Task:
Beginning at the line that contains "貴院での出産は2回目になりま", reproduce the entries below exactly, ending with the line that contains "2 Metti le frasi". Omit each picture.
::: Data extracts :::
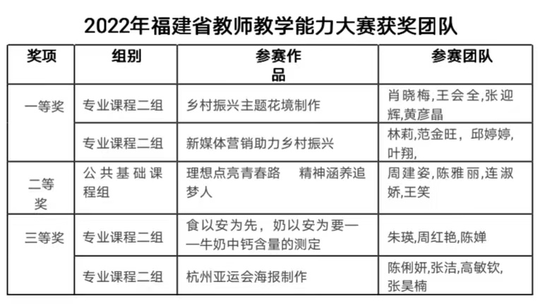 7月25日,福建省教育厅在官网发布《关于2022年福建省职业院校技能大赛教学能力比赛拟获奖名单的公示》,我校斩获2个一等奖、1个二等奖和2个三等奖。
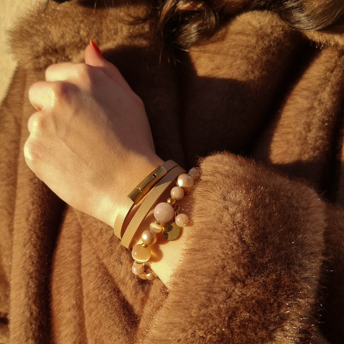 Šį komplektą sudaro natūralios odos dviejų eilių apyrankė su nerūdijančio plieno užsegimu bei natūralių akmenėlių apyrankė ant gumytės.
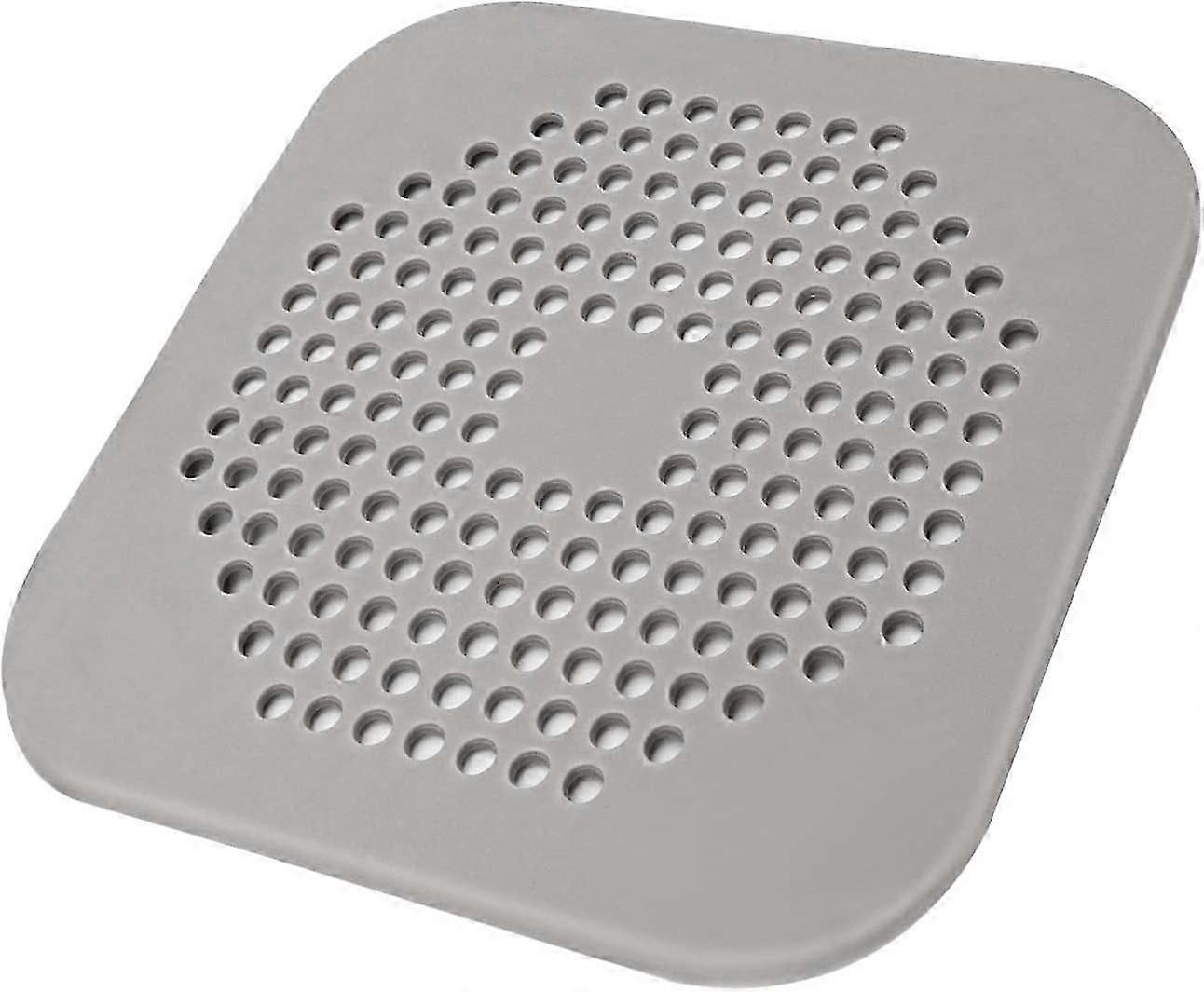 Square Shower Drain Cover Providing Hair Catcher Functionality, 5.4-inch Flat Silicone Plug for Bathroom and Kitchen Use, Grey/White Filter
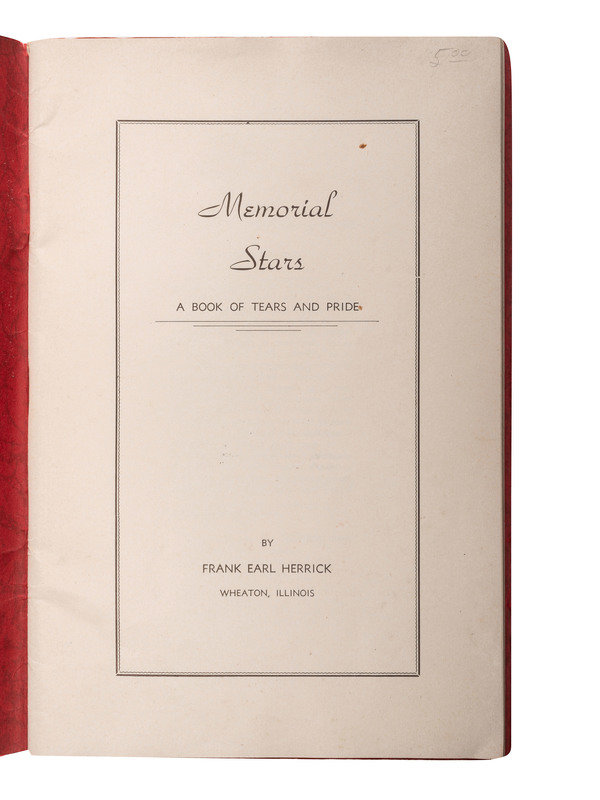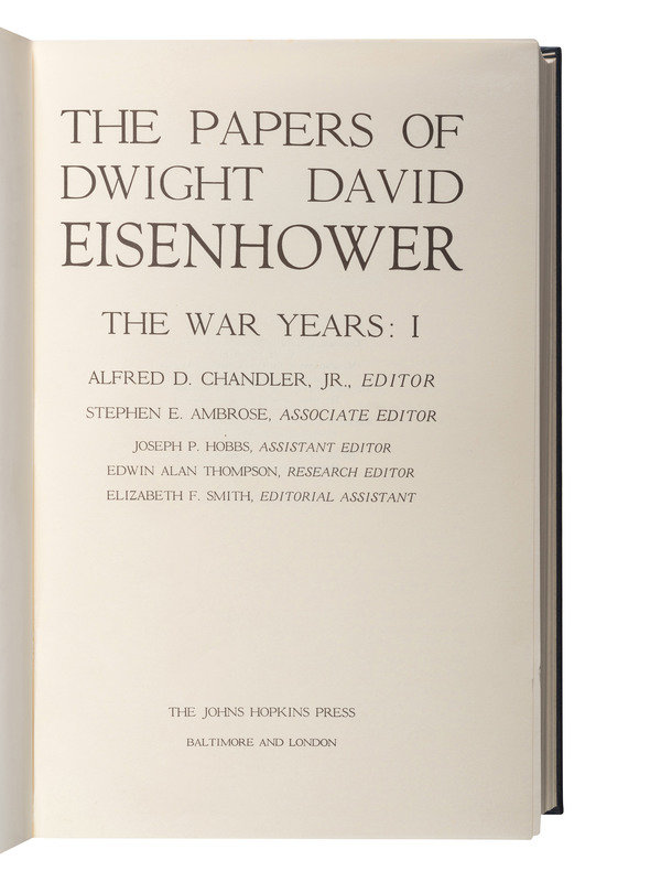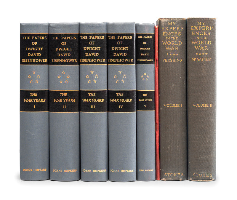 PERSHING, John J. (1860-1948). My Experiences in the World War. New York: Frederick A. Stokes Company, 1931. 2 volumes. -- EISENHOWER, Dwight D. (1890-1969). Alfred D. Chandler, Jr. (1918-2007), editor. The Papers of Dwight D. Eisenhower. The War Years. Baltimore and London: The Johns Hopkins Press, 1970. 5 volumes. -- HERRICK, Frank Earl. Memorial Stars: A Book of Tears and Pride. Wheaton, IL: [Phillips Print Shop], [1948]. -- Together, 3 works in 8 volumes, all FIRST EDITION, 8vo, all in publisher's bindings, condition generally very good to fine.
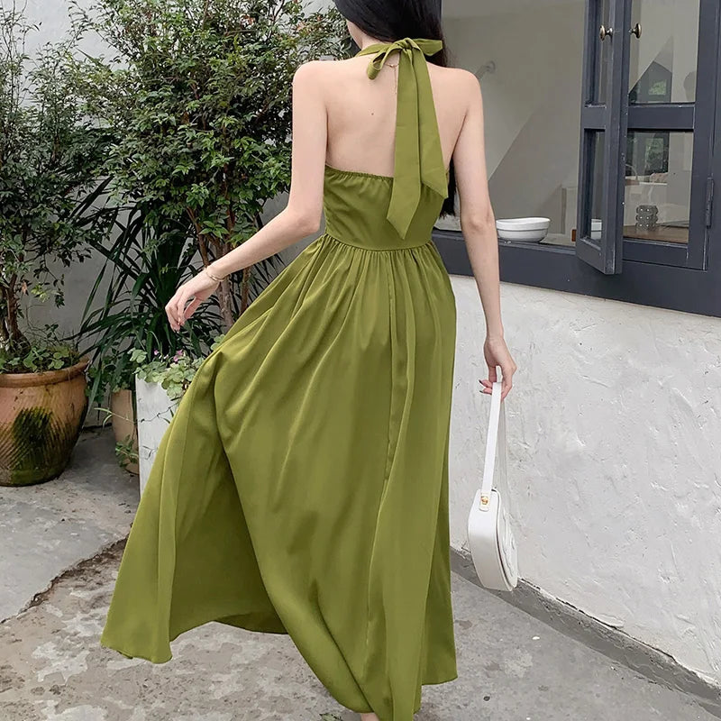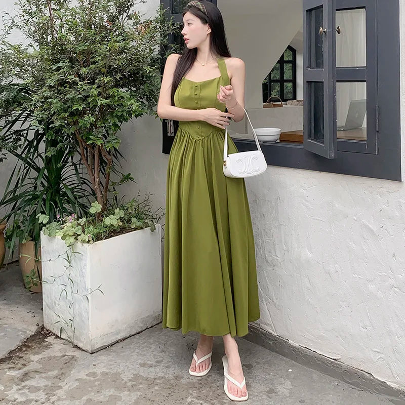 Getadme-여성용 우아한 드레스 2024년 봄 축제 신상품 유럽 및 미국산 아보카도 컬러 넥 A 진자 롱 스커트
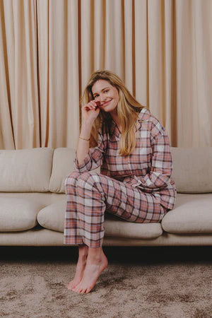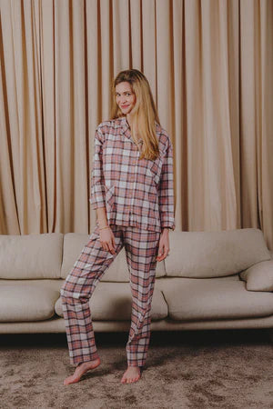 Mooie damespyjama lange mouw in carreaux multicolor
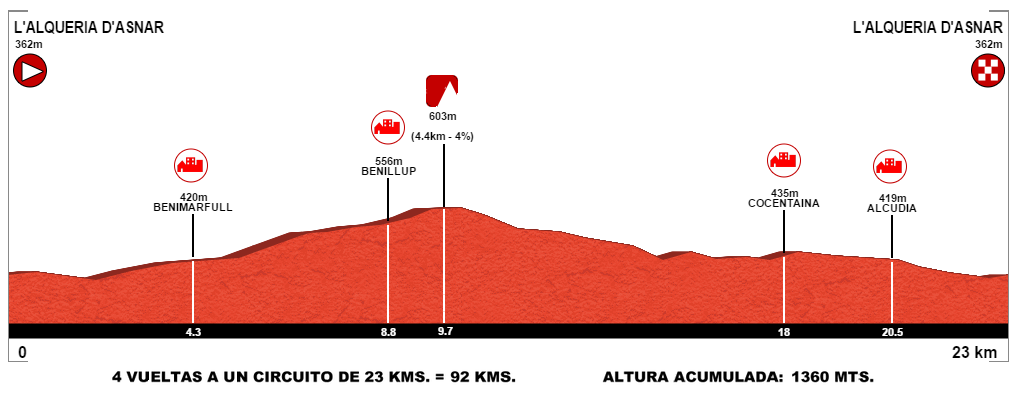 El inicio es básicamente llano, incluso con tendencia favorable, pero una vez que la ruta gire hacia el este y se deje atrás Benámer, cruzando el puente sobre el río Serpis, comenzará la subida a Benillup, primero de un modo muy tendido, con paso por Benimarfull, pero ganando algo de pendiente tras el desvío hacia el sur, con 5 km finales al 4%. El descenso, también suave, temina en el puente sobre el río Valleseta, dando paso a una zona de falsos llanos, en general con tendencia favorable, aunque con un pequeño repecho en Cocentaina, en busca de la línea de meta en L´Alqueria, que pica hacia arriba.
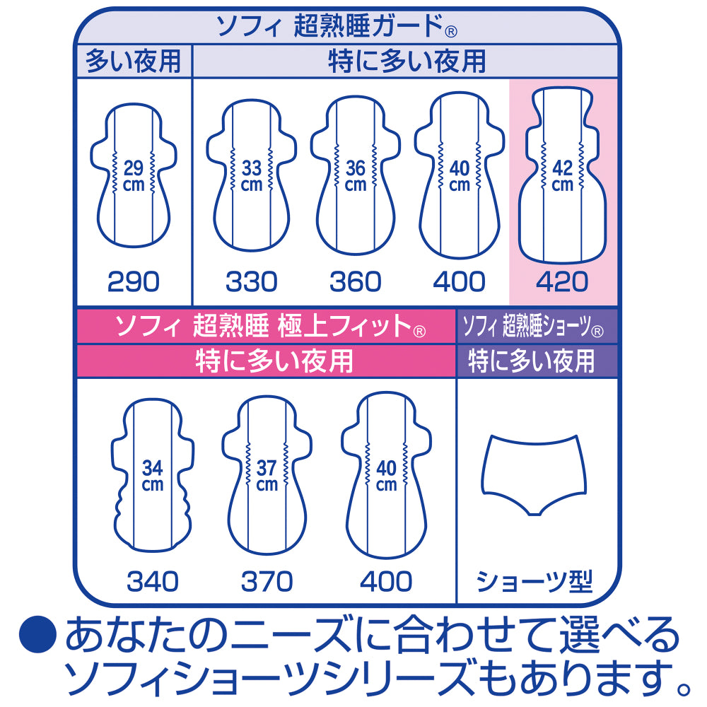 “Sofy Ultra Overnight Guard Wide 420” is a sanitary pad designed for nighttime use, allowing you to sleep soundly all night long even on very heavy flow days.
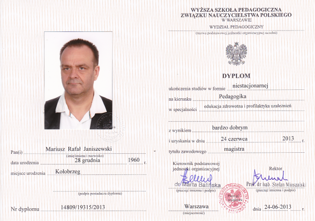 - ukończone Wyższe Studia Magisterskie w Wyższej Szkole Pedagogicznej Związku Nauczycielstwa Polskiego w Warszawie na kierunku Pedagogika, o specjalności: Edukacja Zdrowotna i Profilaktyka Uzależnień, tytuł magister pedagogiki
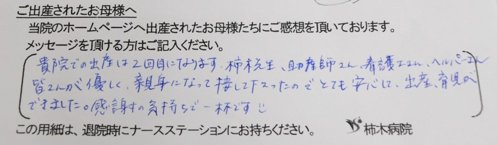 貴院での出産は2回目になります。柿木先生、助産師さん、看護士さん、ヘルパーさん皆さんが優しく、親身になって接して下さったのでとても安心して出産、育児ができました。感謝の気持ちで一杯です☺
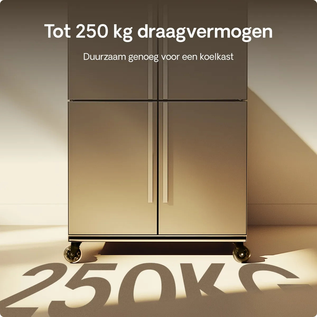 Dankzij de hoogwaardige lagers en de zware stalen as is het maximale draagvermogen van deze wielen 250 kg - sterk genoeg om een koelkast te dragen.
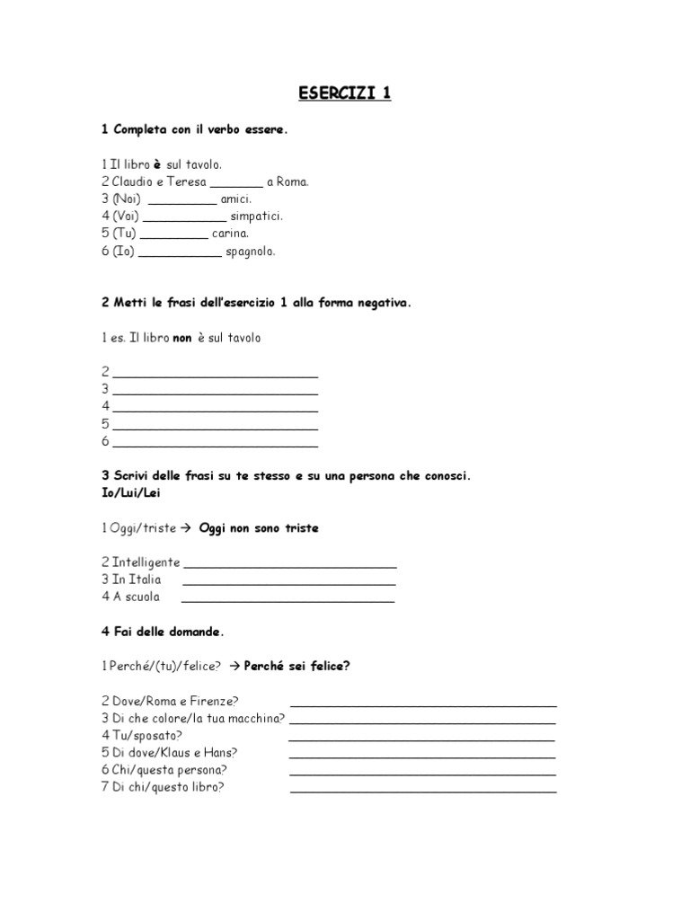 2 Metti le frasi dellesercizio 1 alla forma negativa.
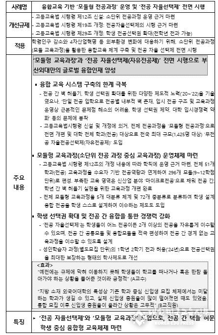 부산외국어대학교는 전체 51개 학과(전공) 교육과정을 296개 소단위 전공과정(모듈 교육과정)으로 전면 개편하고 전체 학과(전공) 대상으로 전국 최대 규모(1,425명 대상)의 무전공 자율전공선택제를 도입했다. 경상국립대학교는 빅데이터, 항공·드론, 반도체 등 12개 분야 55개 소단위 전공과정을 신설하여 미래전략산업 인재 양성에 힘을 기울이고 있다.
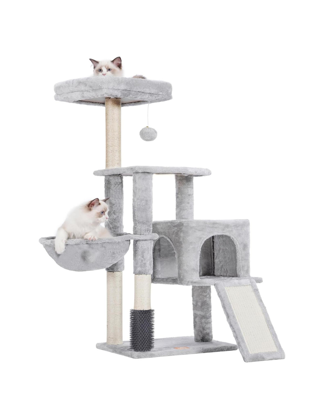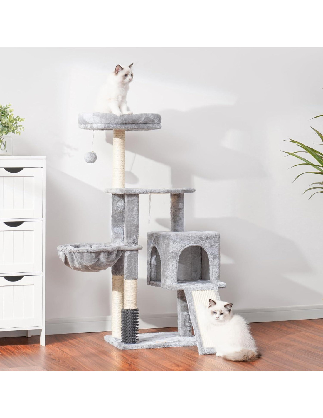 - Cepillo de Autocuidado para Gatos: El árbol para gatos tiene un diseño de autocuidado en el nivel inferior, el cepillo de plástico suave ofrece a los gatos un masaje y cuidado suave y ayuda a eliminar y recoger sus pelos, lo que no solo es beneficioso para la salud del gato, sino que también crea un ambiente limpio para ti y tu familia
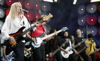 Spinal Tap are joined by Metallica on stage at the Live Earth concert at Wembley Stadium in London, July 7, 2007. Former U.S. vice president Al Gore and his global partners are staging the Live Earth concerts held on seven continents simultaneously to raise awareness of environmental issues.
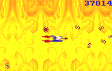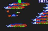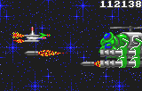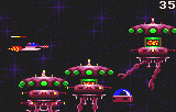 Players can also find four different friendly aliens that will assist them with additional weapons by flying around the player’s ship, much like the options in Gradius. The “Flying Eyeball” flies below you and shoots fireballs, the aptly named “Cosmic Destroyer” chases after enemies and destroys them in short order, “Death Arising” shoots straight up and provides some welcome coverage, and the “Sonic Dart” shoots a large vertical wave ahead. They’re only found in specific universes, so it’s possible to play through the game without encountering them. They can also be destroyed if they’re shot enough times, crash into the environment, or when the player dies, so it’s wise not to get too attached.
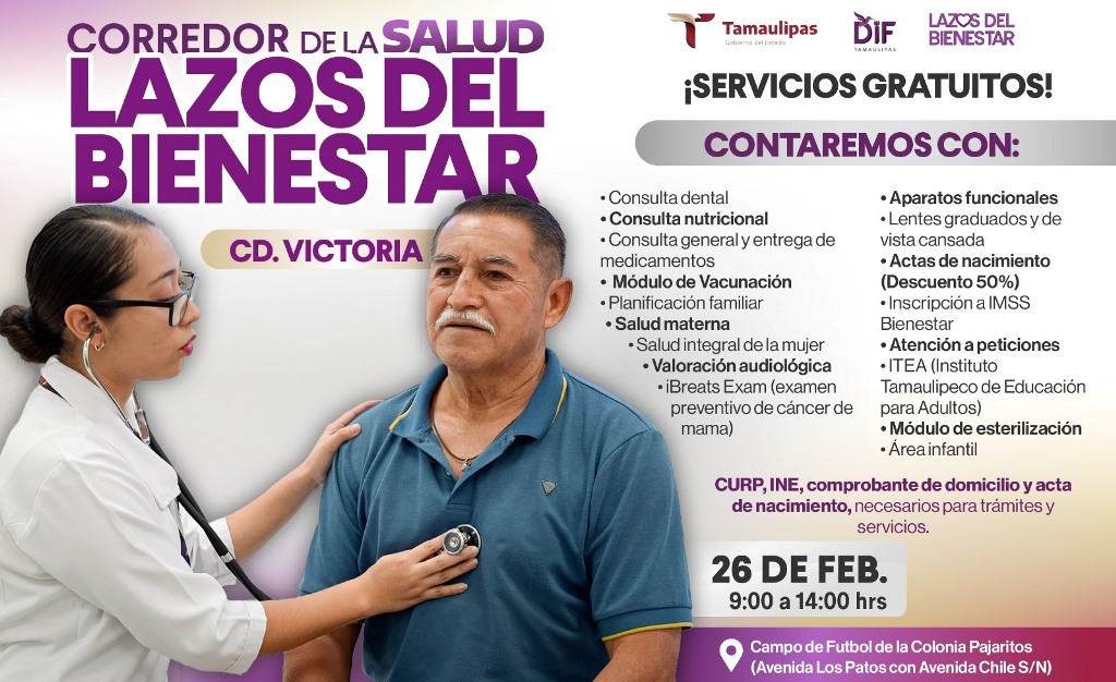 El primer Corredor de la Salud se lleva a cabo este miércoles 11 de febrero en Ciudad Victoria, en un horario de 9:00 a 14:00 horas, en el campo de fútbol de la colonia Echeverría, ubicado en las calles Río Álamo y Cerro Azul, a un costado del CEDIF 07.
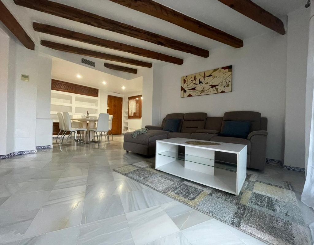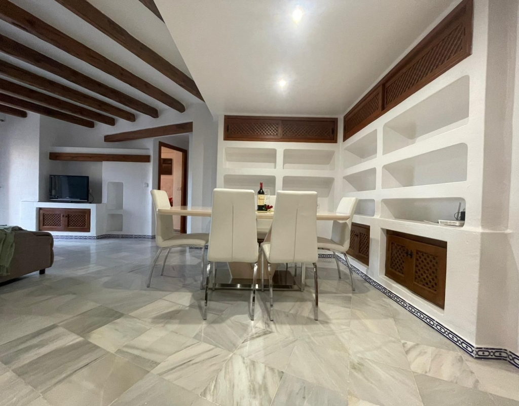 EXCLUSIVO ÁTICO EN LA URBANIZACIÓN DE ALDEA DEL MAR. Estupendo ático de estilo rústico, situado en la prestigiosa zona residencial Aldea del Mar, a sólo unos pasos de la Playa de los Locos en Torrevieja. Esta conocida zona residencial cuenta con zonas ajardinadas. El ático dispone de ascensor. Consta de 94 m2 construidos, distribuidos en un amplio y luminoso salón-comedor totalmente amueblado, con acceso directo a una gran terraza con vistas a las zonas verdes y al mar, cocina equipada y funcional con barra americana, 3 dormitorios, 2 de ellos con armarios empotrados y 2 baños completos. La vivienda se vende amueblada, y dispone de aire acondicionado por conductos. Ideal para disfrutar de espacios luminosos y del sol de la mañana. Además, la plaza de aparcamiento subterráneo está incluida en el precio.
:::
The answer:
 貴院での出産は2回目になります。柿木先生、助産師さん、看護士さん、ヘルパーさん皆さんが優しく、親身になって接して下さったのでとても安心して出産、育児ができました。感謝の気持ちで一杯です☺
 Dankzij de hoogwaardige lagers en de zware stalen as is het maximale draagvermogen van deze wielen 250 kg - sterk genoeg om een koelkast te dragen.
 2 Metti le frasi dellesercizio 1 alla forma negativa.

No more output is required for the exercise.